Only the lines from the top of the listing below through the line containing "Lampada a sospensione" should be output, exactly and with no pictures.
-- EXTRACTED RECORDS follows --
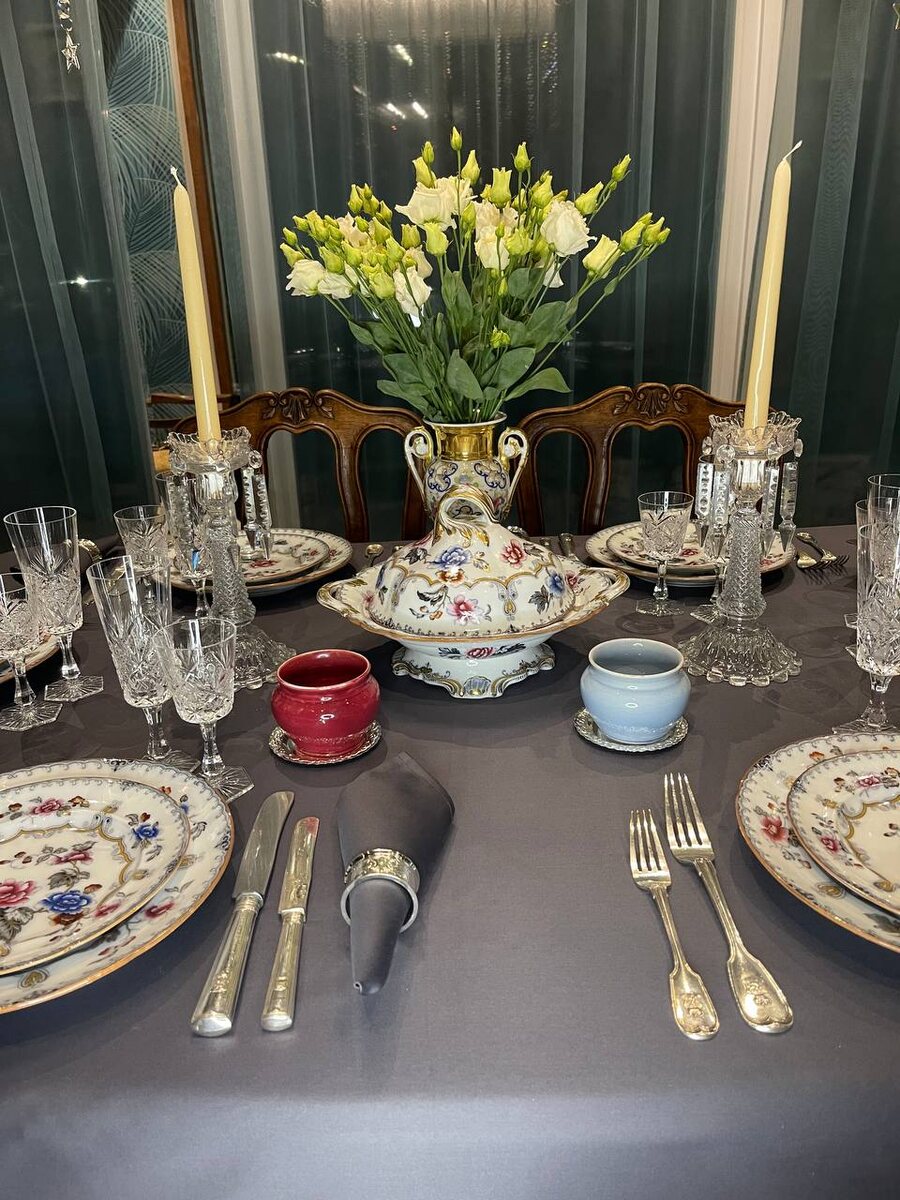 Оттенок голубого в точности напоминает цвет вечернего неба. А бордовый будто спорит с голубым, или наоборот оттеняет его. Но вместе эти горшочки, выполненные на фабрике Кузнецова, просто чудо как хороши.
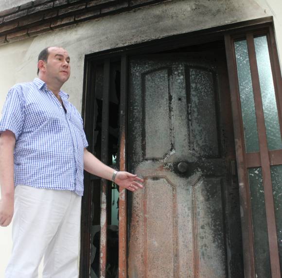 ‘Yo no denuncié porque pensaba que era una broma. Nunca defendí a un violador de La Bebida y la verdad que no sé a qué atribuir este hecho repudiable, porque a nivel profesional, personal o político no tengo problemas con nadie’, dijo ayer Peña, mientras mostraba los daños en la puerta y el frente de su casa, y en parte de un sillón en el interior de la vivienda.
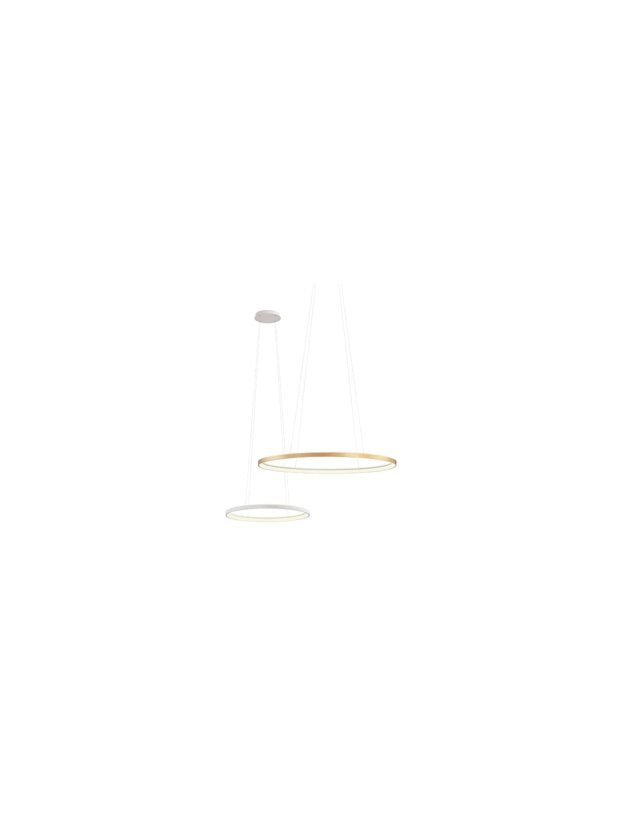 Lampada a sospensione a luce diretta/indiretta con struttura in alluminio e metallo oro opaco. Il diffusore per la luce diretta è in acrilico opalino bianco, mentre per la luce indiretta è in polistirolo. É possibile scegliere la temperatura colore da bianco caldo a bianco neutro.
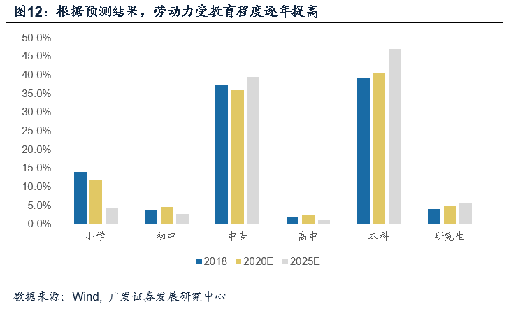 预测结果显示,各个教育阶段的毕业生向市场提供的劳动力规模在2015年见顶(1900万左右),随后快速下降。进入就业市场的毕业生规模底部大致出现在2021年(1500万左右),2022-25年将缓速回升,预计2025年这一数据将为1600万。结构上看,高等教育(本科生、硕士研究生、博士研究生)毕业生比重逐年上升,其中本科毕业生占比可能由2018年的39.2%提升到2025年的46.9%;初等教育(小学)、初级中等教育(初中)、中等职业教育(中专)、高级中等教育(高中)占比持续下降,预计高中以下(含)毕业生占比将很快回落到50%以内。从这一预测结果来看,未来各个教育阶段输送毕业生对劳动力市场形成的供给压力并不大,但高等教育毕业生数量将持续增加,可能存在结构性就业压力。
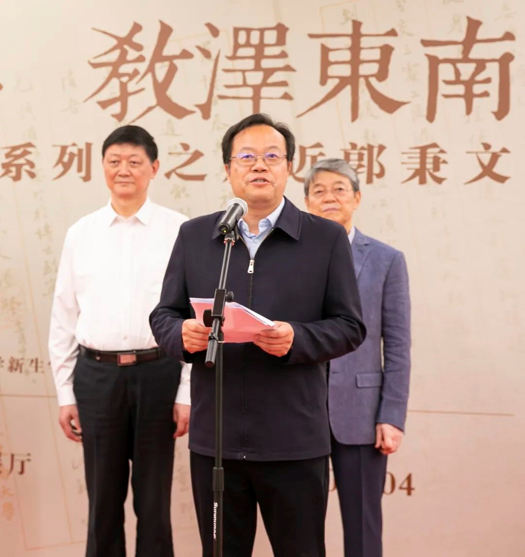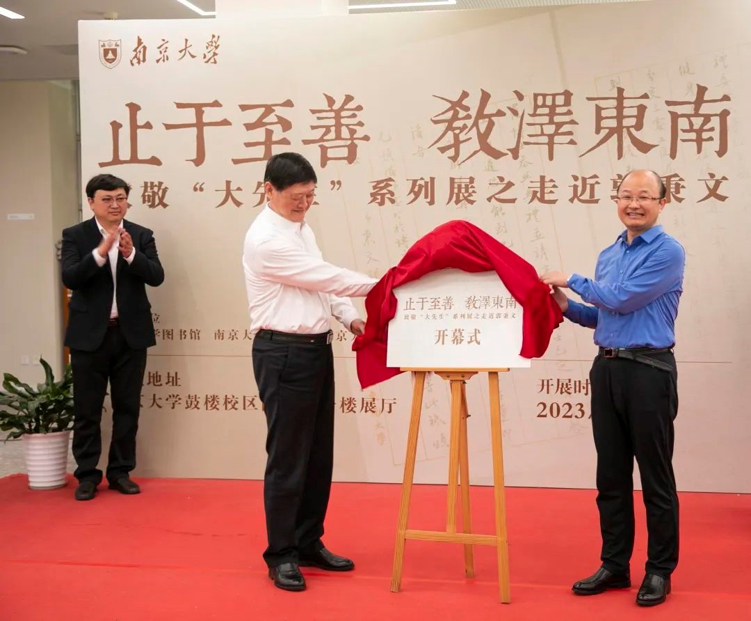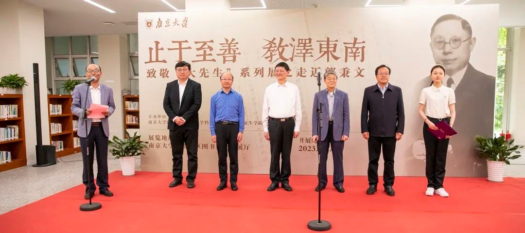 2023年5月18日上午,“止于至善,教泽东南”——致敬“大先生”系列展之走近郭秉文在南京大学鼓楼校区图书馆正式开幕。国家总督学顾问、江苏省政协原副主席、南京大学原党委书记胡金波,南京大学人文社会科学资深教授、秉文书院院长周宪,南京大学新生学院党委书记、常务副院长蒋恩铭,南京大学图书馆馆长黄贤金,南京大学团委副书记王譞出席开幕式。开幕式由南京大学图书馆副馆长罗钧主持。
-- EXTRACTED RECORDS concluded --
* _EXERCISE OUTPUT_:
 Оттенок голубого в точности напоминает цвет вечернего неба. А бордовый будто спорит с голубым, или наоборот оттеняет его. Но вместе эти горшочки, выполненные на фабрике Кузнецова, просто чудо как хороши.
 ‘Yo no denuncié porque pensaba que era una broma. Nunca defendí a un violador de La Bebida y la verdad que no sé a qué atribuir este hecho repudiable, porque a nivel profesional, personal o político no tengo problemas con nadie’, dijo ayer Peña, mientras mostraba los daños en la puerta y el frente de su casa, y en parte de un sillón en el interior de la vivienda.
 Lampada a sospensione a luce diretta/indiretta con struttura in alluminio e metallo oro opaco. Il diffusore per la luce diretta è in acrilico opalino bianco, mentre per la luce indiretta è in polistirolo. É possibile scegliere la temperatura colore da bianco caldo a bianco neutro.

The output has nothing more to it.